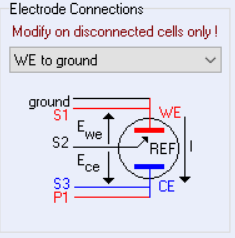 EC-Lab軟件中,添加實驗后,在左側Safety/Adv. Settings下有一個Electrode Connections部分,其中可以選擇standard、CE to ground、WE to ground或者其他大電流儀器的連接方式(如下圖)。
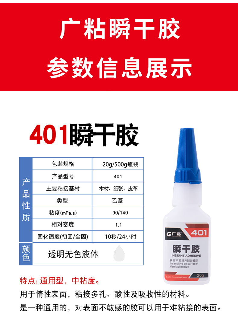 廣粘401瞬干膠中粘度通用型快干膠
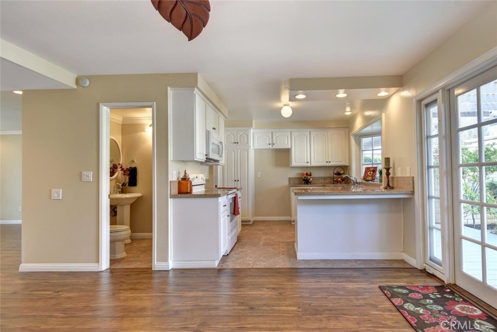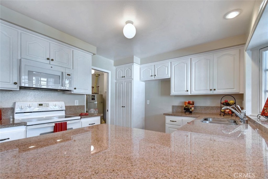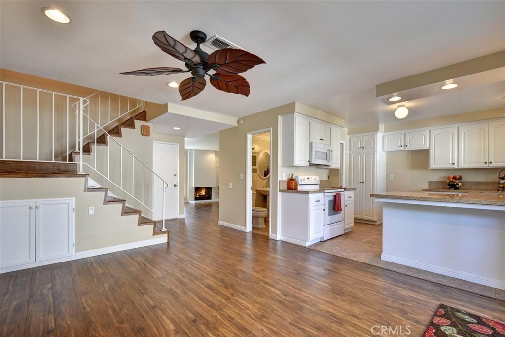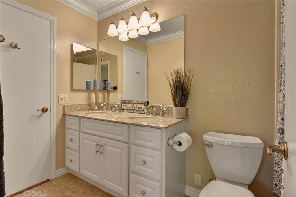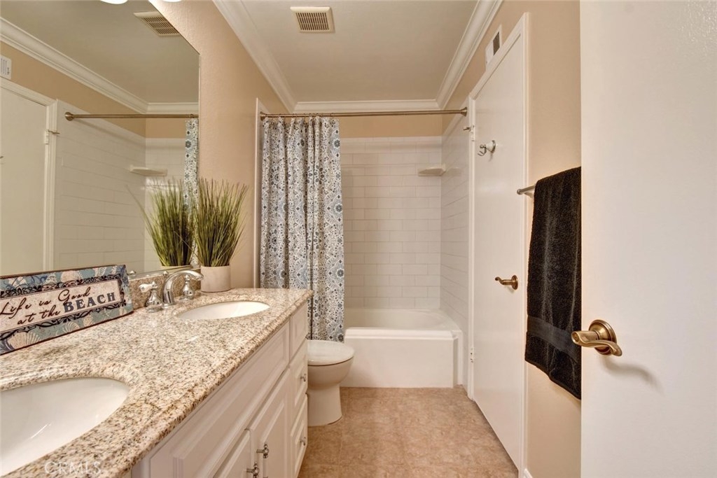 BEST OF LOCATIONS FACING GREENBELT IN CYPRESS VILLAGE WITH BEAUTIFUL, EXPENSIVE $$$ REMODELING THROUGHOUT! All rooms have been enhanced with HIGH QUALITY UPGRADES! This immaculate home is in excellent condition & filled with an abundance of natural light! Lower level features brand new laminate flooring, a spacious living room with crown molding & fireplace with gas logs, upgraded bathroom with pedestal sink, & dining room with French doors to patio. You will love the large remodeled kitchen with gorgeous granite countertops, refaced cabinetry, tile flooring, recessed lighting, & lovely garden window. Upstairs are 2 bedrooms w/plush carpeting, ceiling fans, crown molding, mirrored & organized closets, including a huge master suite w/walk-in closet. More remodeling in bathroom with upgraded bathtub/shower enclosure, upgraded double sink and vanity with granite countertop, designer fixtures & lighting, & tile flooring. More amenities: High quality dual pane windows, new neutral interior paint, upgraded fixtures & hardware, recessed lighting, smooth ceilings, inside laundry, A/C, a fantastic added storage closet, front courtyard, charming back patio w/decking, aluminum patio cover w/shades, garden plants & trees, & finished 2 car garage w/epoxy coat flooring! The wonderful community of Cypress Village was built by S & S and has 3 Pools, 3 Clubhouses, a Huge spa, a Kiddy Pool, Tennis Court, Lush Greenbelts with Meandering Walking Paths, & LOW HOA of $252 per month!
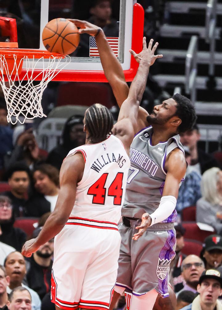 3月15日,效力于薩克拉門托國王隊的愛德華茲(右)在比賽中扣籃。當日,在2022-2023賽季NBA常規(guī)賽中,薩克拉門托國王隊客場以117:114戰(zhàn)勝芝加哥公牛隊。新華社發(fā)(喬爾·萊納攝)
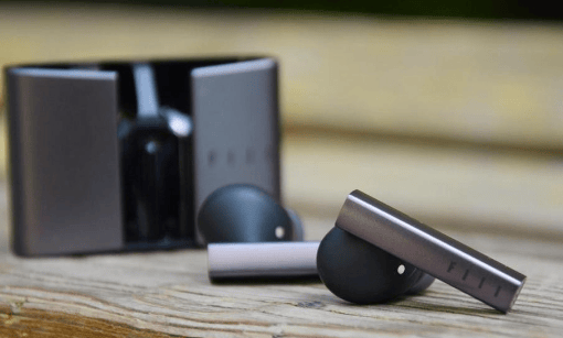 佩戴:FIIL CC Pro2蓝牙耳机的外包装的主色为灰金色的包装盒,右上角标识着“FIIL”品牌Logo,耳机吸力还是比较大的,一般使用或者放在包里,不用担心耳机会掉出丢失。但是单个耳机的重量为5.4克,长时间佩戴对耳朵有明显负担感,影响长时间佩戴的舒适度,整个耳机没有任何的按键,通过触摸耳机可以进行多功能操作,会容易误触。
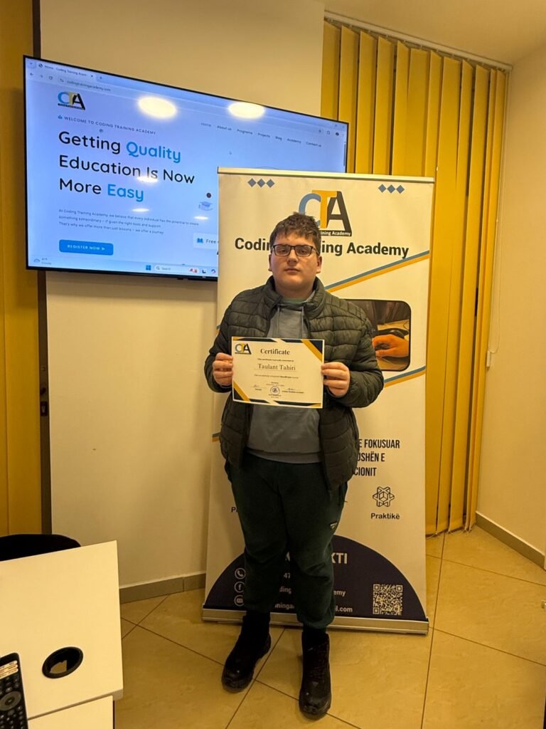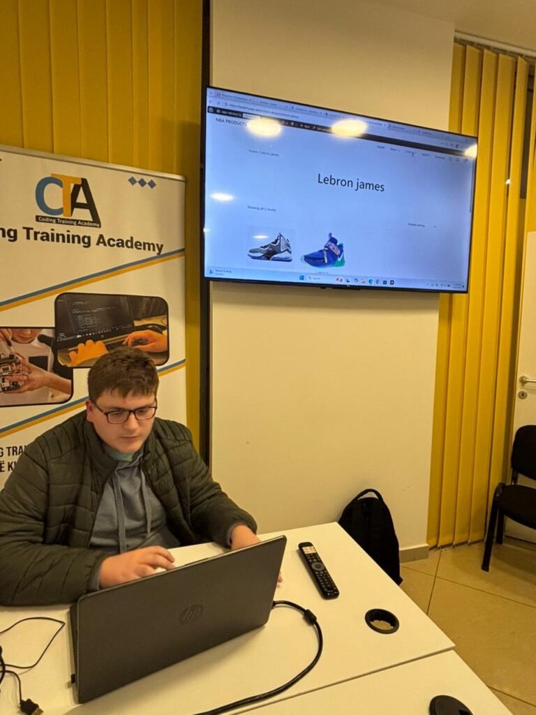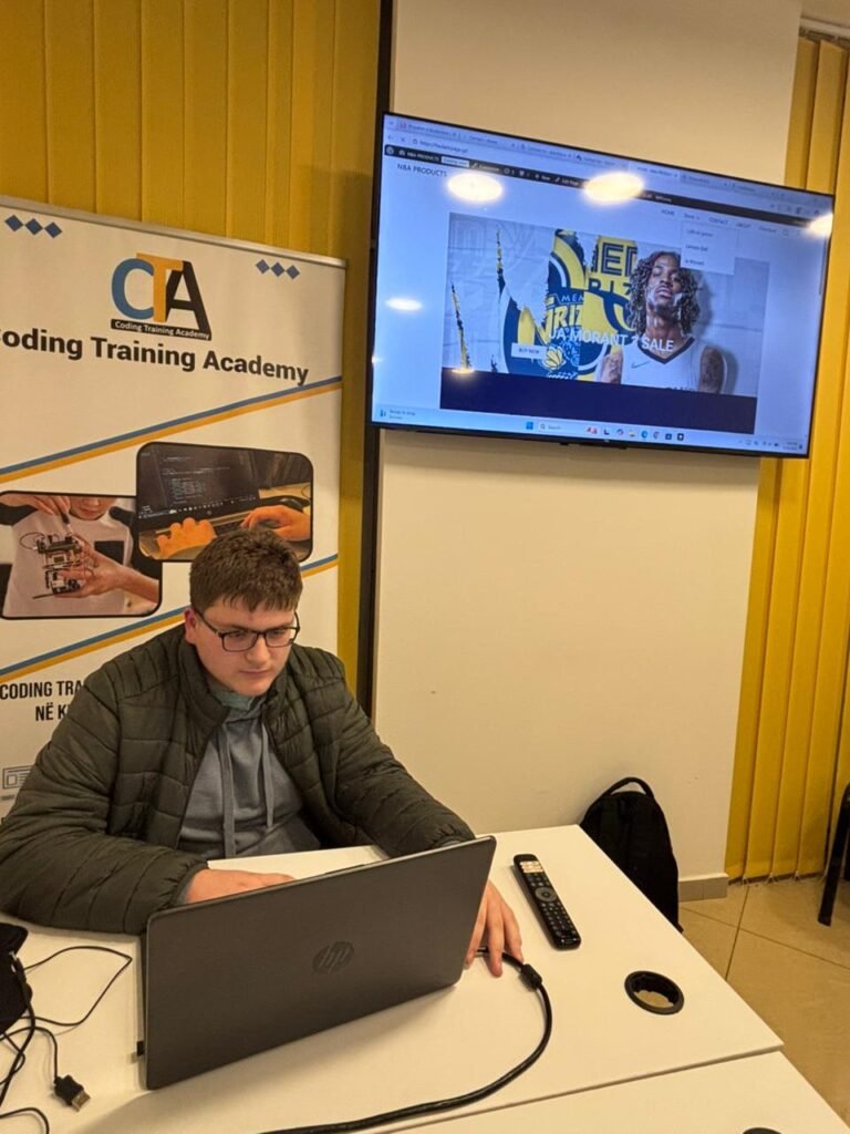 Në kuadër të projekteve praktike të kursit WordPress në Coding Training Academy, studenti Taulant Tahiri ka realizuar një web faqe të dizajnuar si shop online për produkte sportive me tematikë NBA, e cila aktualisht është në fazë zhvillimi.
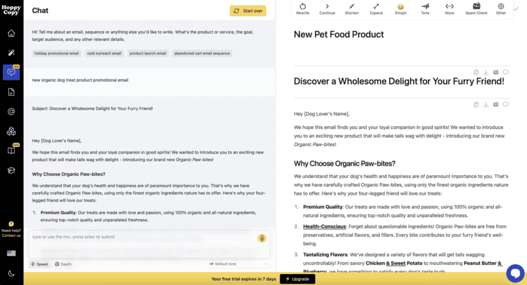 Against Anyword, Hoppy Copy emphasizes execution speed rather than prediction. Anyword applies performance scoring to copy variants. Hoppy Copy provides ready-made templates and formula-based writing that produces campaign content rapidly. That approach places Hoppy Copy ahead for marketers that prioritize fast output over statistical testing.
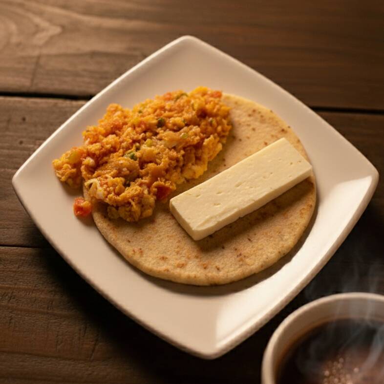 Arepa de maíz asada, acompañada de huevo revuelto . Porción de quesito. Un desayuno completo.
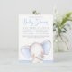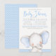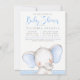 Boys elephant baby shower invitations with sweet watercolor baby boy elephant on a baby blue polka dot background. These adorable boy elephant baby shower invitations are easily customised for your event by simply adding your details.
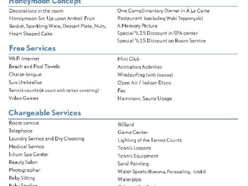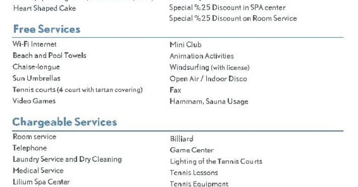 Servicii cu plata: rezervare pentru restaurantele a la carte, room service, internet cafe, servicii medicale, babysitting, tratamente in centru Spa, masaje, lectii de tenis, nocturna si echipament pentru tenis, narghilea, jocuri video, biliard, bowling, sporturi acvatice, servicii de spalatorie si curatatorie, magazine, coafor, sali de conferinta.
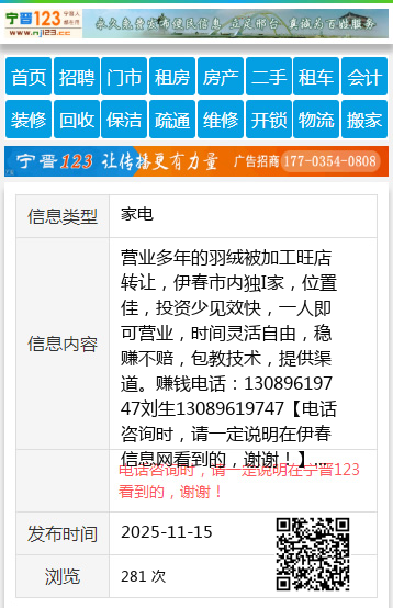 营业多年的羽绒被加工旺店转让,伊春市内独I家,位置佳,投资少见效快,一人即可营业,时间灵活自由,稳赚不赔,包教技术,提供渠道。赚钱电话:13089619747刘生13089619747 【电话咨询时,请一定说明在伊春信息网看到的,谢谢!】 |
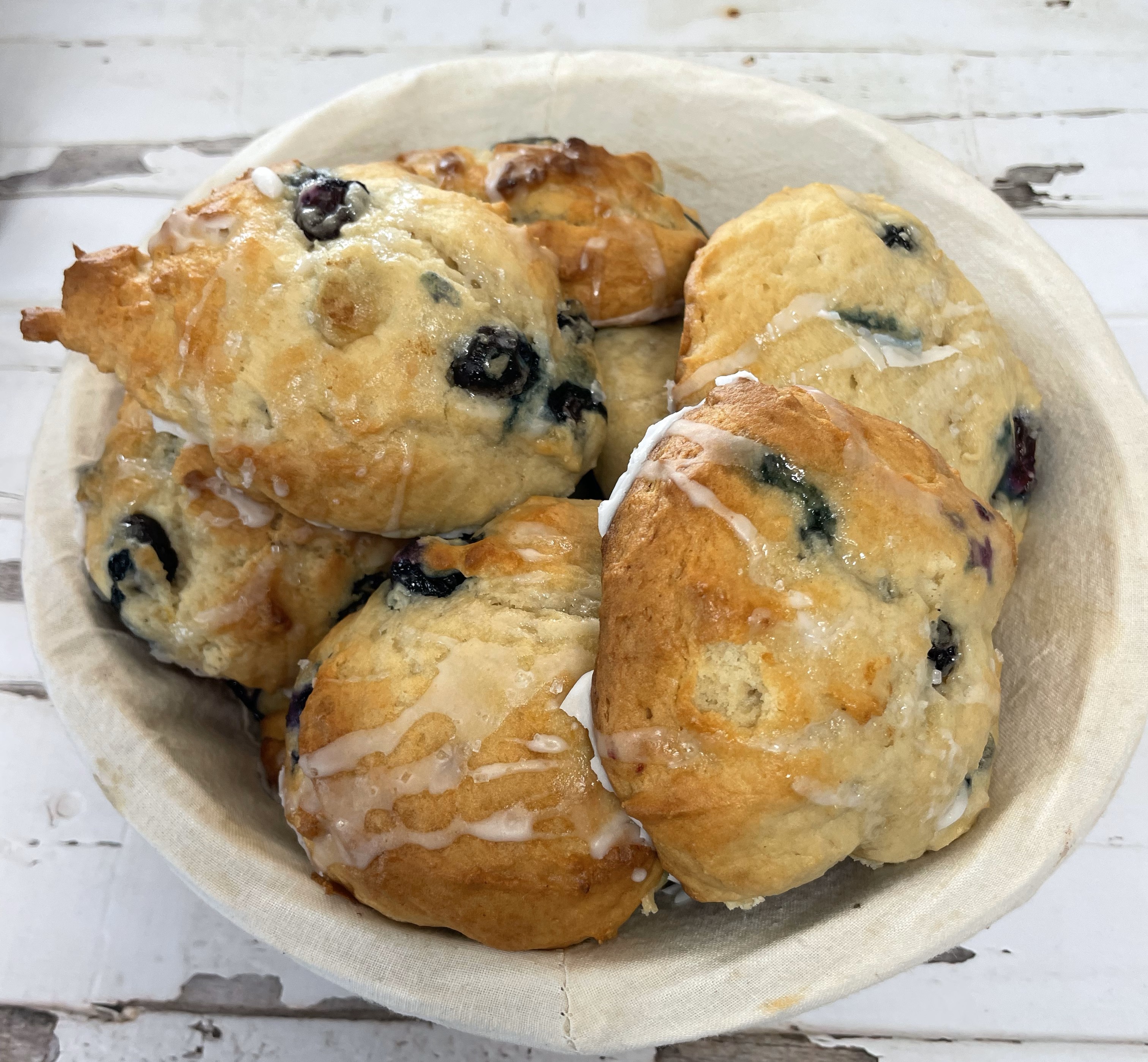 And this recipe helps me whittle away at my over-abundance of blueberries! In a separate, larger bowl put the lemon yogurt, egg, butter and vanilla. Mix until just combined. Get your flour mixture and slowly add that into your yogurt and egg mixture and once again mix until just combined. Finally, pour in your blueberries and stir (don’t mix) until they are evenly distributed. Line your baking sheets with parchment paper and plop your dough onto the sheets, six to a sheet. You’ll want these larger than, say, a cookie – about a third of a cup maybe. You’ll be making a dozen biscuits, so portion your dough accordingly. You can always add a little more to some if you need to. Bake at 400 for about 15 minutes, or until they are a nice golden brown color. When they get there, remove the sheets from the oven and transfer them to a wire rack. Leave the biscuits on the sheets for about 5 minutes, then take them off and let them cool completely on the wire rack. Once they’ve cooled down, you can make the glaze. (Actually, you can glaze them when they’re a little warm if you want to enjoy them warm, but you don’t want them too hot – otherwise the glaze will just slide off.) In a small bowl add the powdered sugar and some of the milk. You might not need all of it – you want to add it a bit at a time and whisk after each addition until you get the glaze to a consistency you like. Move the biscuits to a sheet of wax or parchment paper to make this easier to clean. Drizzle the glaze on the biscuits then, if you like, sprinkle on some chunky sugar. It’s not required, but looks nice and adds a little extra bit of crunch. This recipe makes a dozen dessert for breakfast biscuits!Ingredients
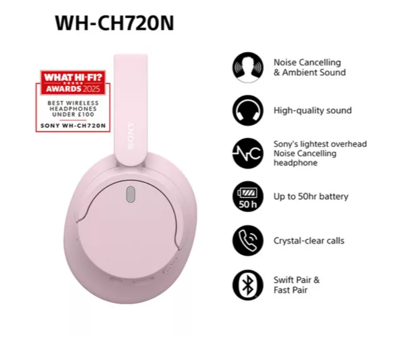 Sony WH-CH720N Wireless Noise-Canceling Headphones (Pink) â Lightweight over-ear design with Bluetooth connectivity, adaptive ANC, and extended battery life

**********

• **TASK TO CARRY OUT**
The lines to write out are those from the first line of the listing above through the line bearing "BEST OF LOCATIONS", both included, copied exactly with pictures dropped.

• **ANSWER BOX**
 EC-Lab軟件中,添加實驗后,在左側Safety/Adv. Settings下有一個Electrode Connections部分,其中可以選擇standard、CE to ground、WE to ground或者其他大電流儀器的連接方式(如下圖)。
 廣粘401瞬干膠中粘度通用型快干膠
 BEST OF LOCATIONS FACING GREENBELT IN CYPRESS VILLAGE WITH BEAUTIFUL, EXPENSIVE $$$ REMODELING THROUGHOUT! All rooms have been enhanced with HIGH QUALITY UPGRADES! This immaculate home is in excellent condition & filled with an abundance of natural light! Lower level features brand new laminate flooring, a spacious living room with crown molding & fireplace with gas logs, upgraded bathroom with pedestal sink, & dining room with French doors to patio. You will love the large remodeled kitchen with gorgeous granite countertops, refaced cabinetry, tile flooring, recessed lighting, & lovely garden window. Upstairs are 2 bedrooms w/plush carpeting, ceiling fans, crown molding, mirrored & organized closets, including a huge master suite w/walk-in closet. More remodeling in bathroom with upgraded bathtub/shower enclosure, upgraded double sink and vanity with granite countertop, designer fixtures & lighting, & tile flooring. More amenities: High quality dual pane windows, new neutral interior paint, upgraded fixtures & hardware, recessed lighting, smooth ceilings, inside laundry, A/C, a fantastic added storage closet, front courtyard, charming back patio w/decking, aluminum patio cover w/shades, garden plants & trees, & finished 2 car garage w/epoxy coat flooring! The wonderful community of Cypress Village was built by S & S and has 3 Pools, 3 Clubhouses, a Huge spa, a Kiddy Pool, Tennis Court, Lush Greenbelts with Meandering Walking Paths, & LOW HOA of $252 per month!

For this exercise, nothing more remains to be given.